What to do
The task calls for an exact retyping of the lines from the one holding "パチンコは240台(4円:120台、1円:120台)と、総設置台数は666台。" through the end of the listing, with pictures omitted and nothing added.

Dataset extract

---

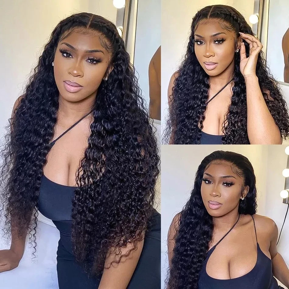250 плотность 30 32 40 дюймов глубокая волна 13х6 Кружева Фронтальные человеческие волосы парики бразильское Закрытие Свободные воды вьющиеся парик для черных женщин
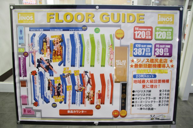パチンコは240台(4円:120台、1円:120台)と、総設置台数は666台。
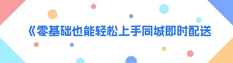 《零基础也能轻松上手同城即时配送系统定制开发!》

---

Exercise solution
パチンコは240台(4円:120台、1円:120台)と、総設置台数は666台。
 《零基础也能轻松上手同城即时配送系统定制开发!》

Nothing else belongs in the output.